Branded terrorists by Washington, al Shabaab has led an
Iraq-style insurgency against the government and its Ethiopian
allies since early 2007.

The insurgency began when the Islamic Courts Union, of
which Al Shabaab was a part, lost control of Mogadishu.

ANOTHER TOWN TAKEN

Heavily-armed Shabaab fighters took Berdale town, near
Baidoa in central Somalia, on Monday, and immediately imposed
sharia law, residents said. The Islamists forced local
authorities to disarm, and there were no casualties.

“They are patrolling in the town carrying heavy machineguns
and rockets on their shoulders,” local businessman Ali Madey
Isak told Reuters. “They have told people not to smoke in
public, chew (the narcotic leaf) khat, or watch movies.”

The Islamists have in recent months launched an increasing
number of hit-and-run raids on small towns — seizing control
only to melt away before reinforcements arrive. The attacks
seem to be a show of strength intended to stretch the
government and Ethiopian troops, rather than a bid to win and
hold territory.

The recent violence has swelled Somalia’s internal refugee
population of about 1 million. Aid workers say Somalia is one
of the world’s worst, yet most neglected, humanitarian crises.

The United Nations is trying to broker peace talks between
the warring Somali factions in neighboring Djibouti on May 10.
The Horn of Africa nation has been without central rule and in
near-permanent conflict since the 1991 ouster of a dictator.

But the new violence has left talks looking unlikely.

A spokesman for the Islamic Courts, Sheikh Ibrahim Suley,
said the real death toll from the weekend violence in Mogadishu
was much higher, and talks with the government had consequently
been postponed indefinitely.

“The Ethiopians killed around 200 people and kidnapped 160
others including 41 Koranic students … We will continue
fighting the Ethiopians and those under the protection of their
tanks. We call on them to repent,” Suley told Reuters.

“It is never possible to hold talks with those who killed
our people.

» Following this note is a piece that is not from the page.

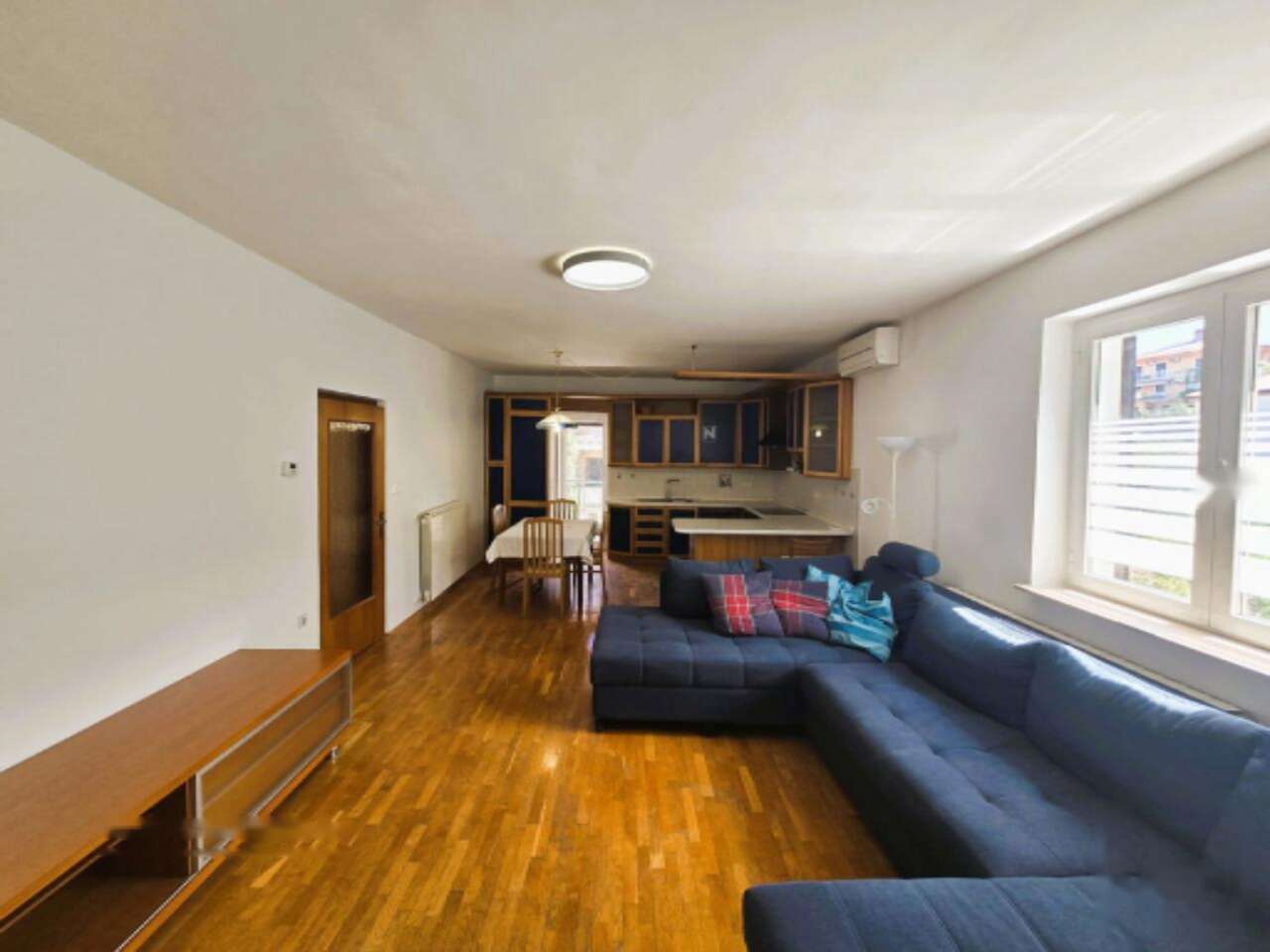 К квартире прилагается участок площадью 81 м², оформленный в виде зеленой зоны с черешневым и инжирным деревьями, каменным столом и местом для барбекю. Для машины предусмотрены два парковочных места.

We had dialogue with the U.N. over the withdrawal
of Ethiopian troops and now we decided to put that on hold.”

The new fighting comes as the worst drought in more than a
decade grips most of Somalia, the U.N. office for the
Coordination of Humanitarian Affairs (OCHA) said on Tuesday.

“If the drought persists in addition to the fighting, we
will be confronted with the same situation in 1991-92 when
drought and civil strife claimed the lives of hundreds of
thousands of Somalis,” Elisabeth Byrs of OCHA said in Geneva.

(Additional reporting by Abdi Mohamed in Mogadishu, Sahra
Abdi in Kismayu, Mohamed Ahmed in Baidoa, and Stephanie Nebehay
in Geneva; Writing by Guled Mohamed; Editing by Andrew
Cawthorne and Catherine Evans)

(For full Reuters Africa coverage and to have your say on
the top issues, visit: http://africa.reuters.com/)

Death toll rises to 85

MOGADISHU, Apr 21 (AP) — Hundreds of residents fled Somalia’s capital on foot, by car and on donkey carts Monday and others removed corpses from the streets after a bloody weekend that killed some 80 people.

(On Monday the death toll rose to 85, according to Reuters).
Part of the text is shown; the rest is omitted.